• _Task to complete_: Copy the lines running from the one that contains "HRF AMCスタイルのブー" to the end of the entries below, exactly and with no pictures.

• _The data_:
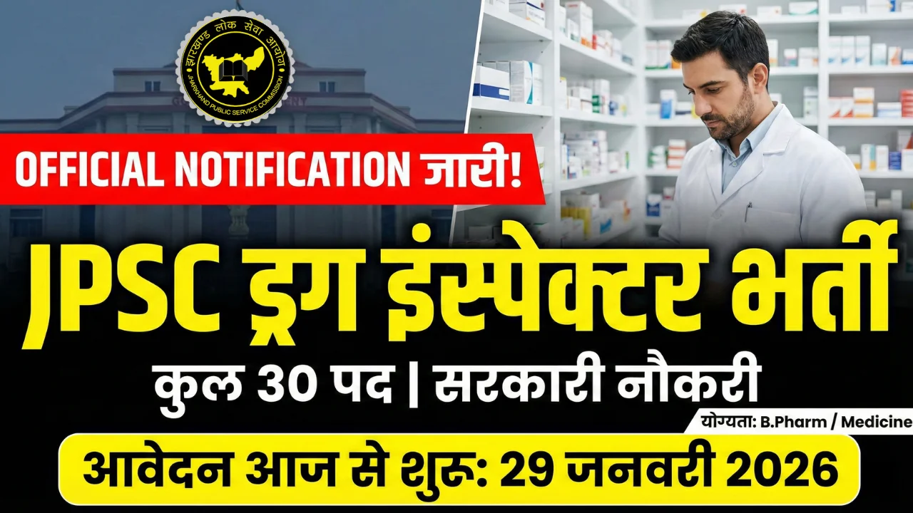 झारखंड लोक सेवा आयोग (JPSC) ने राज्य के स्वास्थ्य विभाग में ड्रग इंस्पेक्टर (औषधि निरीक्षक) के रिक्त पदों को भरने के लिए आधिकारिक अधिसूचना (Advt No. 12/2025) जारी कर दी है। फार्मेसी और चिकित्सा क्षेत्र में अपना करियर बनाने की इच्छा रखने वाले युवाओं के लिए यह एक सुनहरा अवसर है।
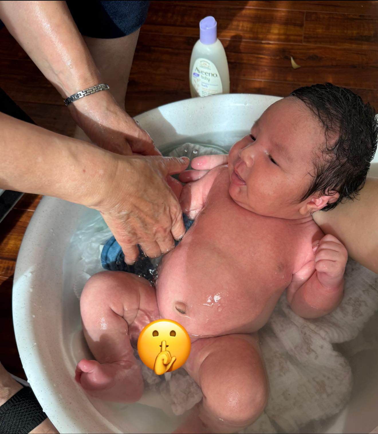 11/10/24(1w4d)臍帶掉了之後就可以幫寶寶洗澡了!這是一個星期日中午,太陽很暖,外婆買了新的澡盆給寶寶洗澡(明明我們就買了可以在浴室站著洗的大澡盆)。第一次洗澡的寶寶少不了哭鬧、但是肚子碰到水後,感覺他有種熟悉的感覺、很快的又不哭不鬧了!只是洗完澡後的寶寶,髮色居然變淡了!原本出生時是和媽媽一樣濃密的黑髮呀!但是 BIG 實在是滿意,他覺得這樣寶寶更像他一些了!
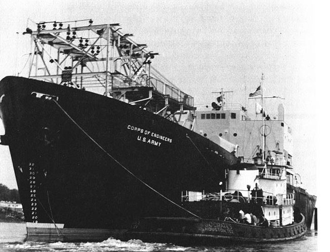 The Reactor Pressure Vessel from Sturgis (MH-1A), the Army’s retired floating nuclear power plant recently decommissioned, is carefully loaded onto a
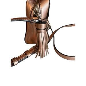 Rebecca Minkoff MAB Camera Bag in Metallic Rose Gold. Excellent preowned condition, used once. Camera case style with iconic hardware in silver, zippered top, chunky tassel detail and crossbody strap. Clean black fabric interior. Small mark on bottom of bag - see pic
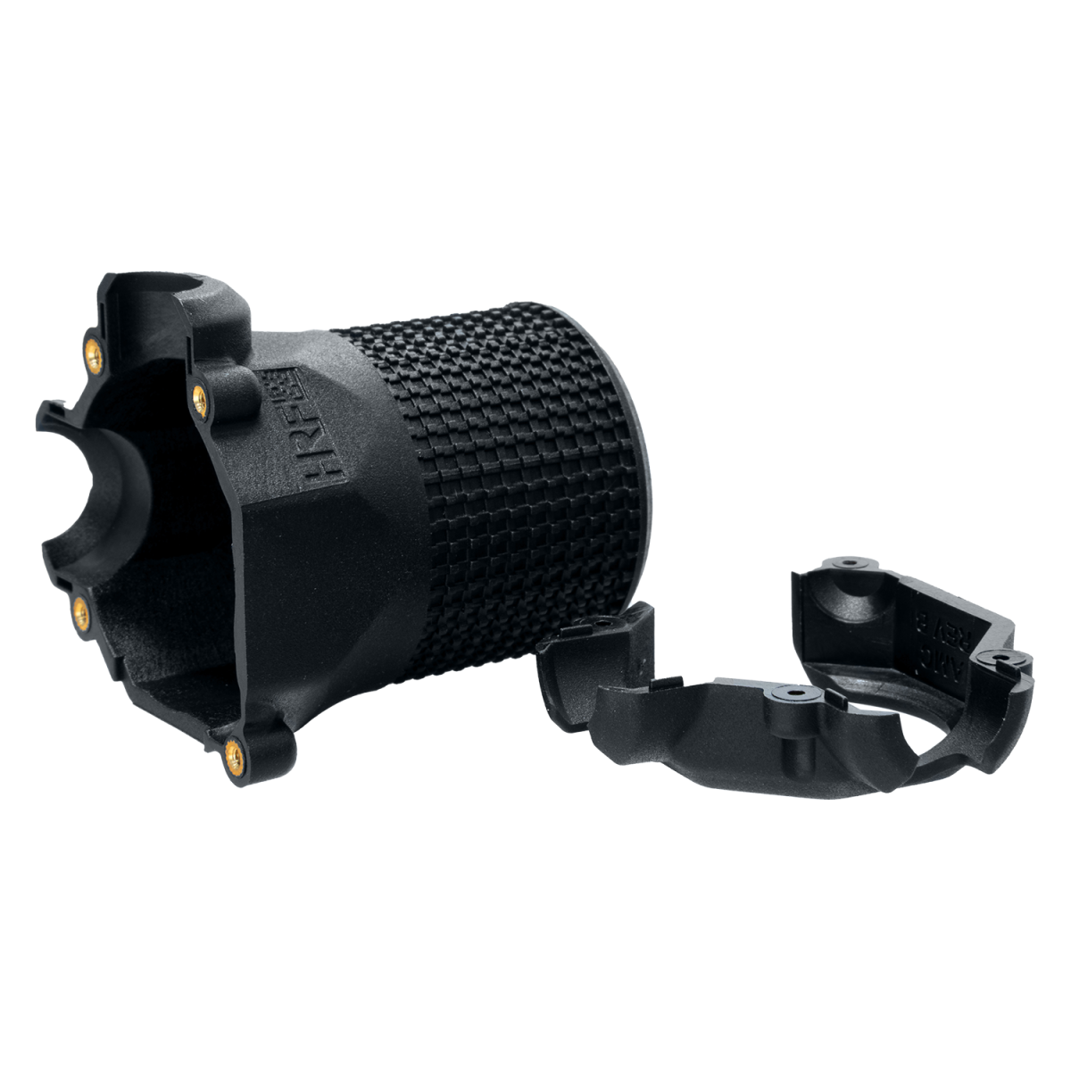 HRF AMCスタイルのブースターに対応した保護カバーです。ブースター外周はラバー製カバーで保護されていましたが、調節ダイヤル部分は露出していました。本製品に交換することで、ダイヤルまでしっかりとカバーされ、より高い保護性能が得られます。
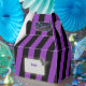 Personalize esta caixa de tratamento com listras roxas e pretas com um nome na frente. Exclua o nome de um rótulo de vazio ou exclua o rótulo se você não quiser personalização.
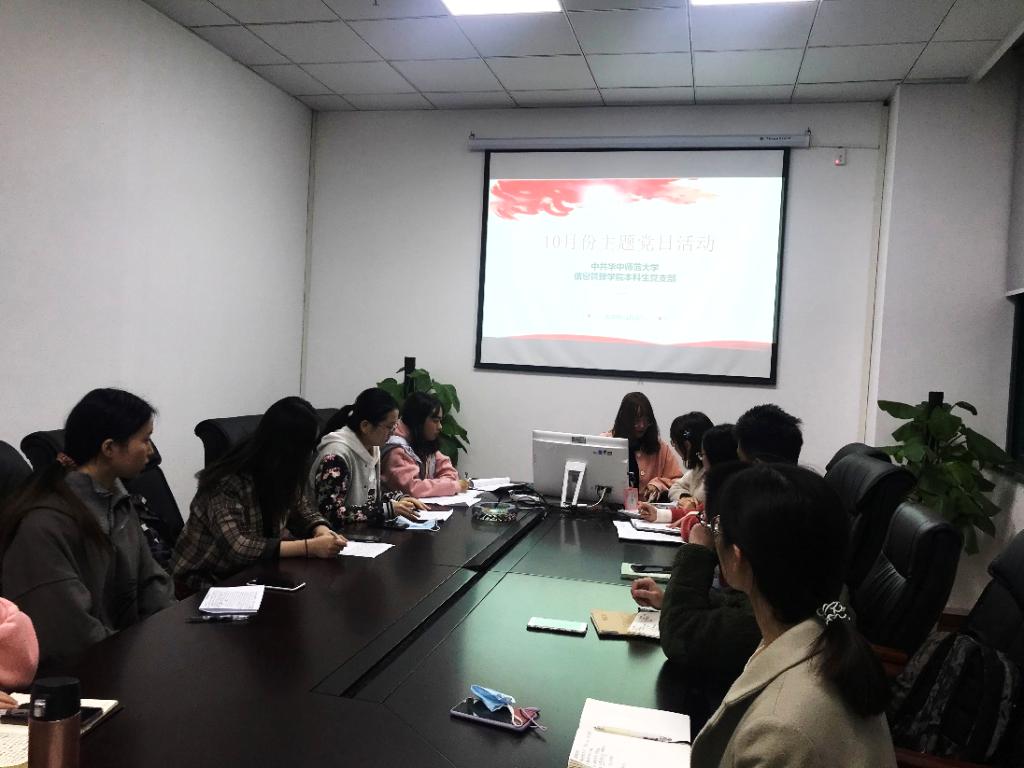 (通讯员 彭泽)2020年11月3日,中共华中师范大学信息管理学院本科生党支部10月党日活动在学院10063会议室顺利进行,活动由党支部宣传委员武晓红同志主持,党支部书记卢旺同志和支部其他党员同志参加了此次活动。
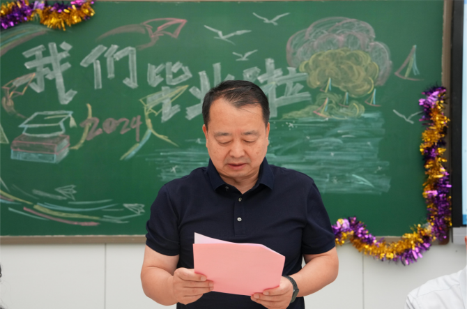 李森代表学院向圆满完成学业的2024届毕业生表示衷心祝贺,并从树立远大理想、坚持终身学习、敢于担当作为三个方面勉励同学们勇于担责、奋勇向前,把人生理想融入中华民族复兴的伟大事业中,在艰苦奋斗中砥砺意志、增长才干、绽放青春光彩。
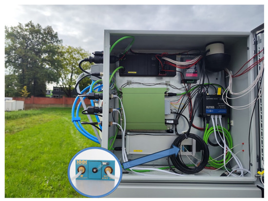 The specifications established during the concept phase for the two ISFET-based measuring systems—soil application and hydroponic application—were duly considered and fully implemented during the realisation phase. When an ISFET measuring system is utilised in a mobile field laboratory in the field, the system is exposed to a multitude of environmental factors, including dust, rain, light, and so forth. In order to protect the ISFET multi-sensor module with the associated control and readout electronics from the environmental influences of splash water, dust, vibrations and light, the aforementioned module was mounted within a dust and splash-water-protected opaque switch cabinet on the mobile carrier platform “Mobile field laboratory soil2data” (Figure 10).
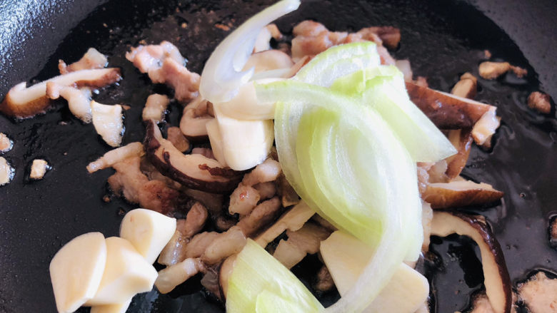 8. 热锅冷油,倒入切好的肉末快速翻炒均匀,煸出多余油脂。

• _Task output_:
 HRF AMCスタイルのブースターに対応した保護カバーです。ブースター外周はラバー製カバーで保護されていましたが、調節ダイヤル部分は露出していました。本製品に交換することで、ダイヤルまでしっかりとカバーされ、より高い保護性能が得られます。
 Personalize esta caixa de tratamento com listras roxas e pretas com um nome na frente. Exclua o nome de um rótulo de vazio ou exclua o rótulo se você não quiser personalização.
 (通讯员 彭泽)2020年11月3日,中共华中师范大学信息管理学院本科生党支部10月党日活动在学院10063会议室顺利进行,活动由党支部宣传委员武晓红同志主持,党支部书记卢旺同志和支部其他党员同志参加了此次活动。
 李森代表学院向圆满完成学业的2024届毕业生表示衷心祝贺,并从树立远大理想、坚持终身学习、敢于担当作为三个方面勉励同学们勇于担责、奋勇向前,把人生理想融入中华民族复兴的伟大事业中,在艰苦奋斗中砥砺意志、增长才干、绽放青春光彩。
 The specifications established during the concept phase for the two ISFET-based measuring systems—soil application and hydroponic application—were duly considered and fully implemented during the realisation phase. When an ISFET measuring system is utilised in a mobile field laboratory in the field, the system is exposed to a multitude of environmental factors, including dust, rain, light, and so forth. In order to protect the ISFET multi-sensor module with the associated control and readout electronics from the environmental influences of splash water, dust, vibrations and light, the aforementioned module was mounted within a dust and splash-water-protected opaque switch cabinet on the mobile carrier platform “Mobile field laboratory soil2data” (Figure 10).
 8. 热锅冷油,倒入切好的肉末快速翻炒均匀,煸出多余油脂。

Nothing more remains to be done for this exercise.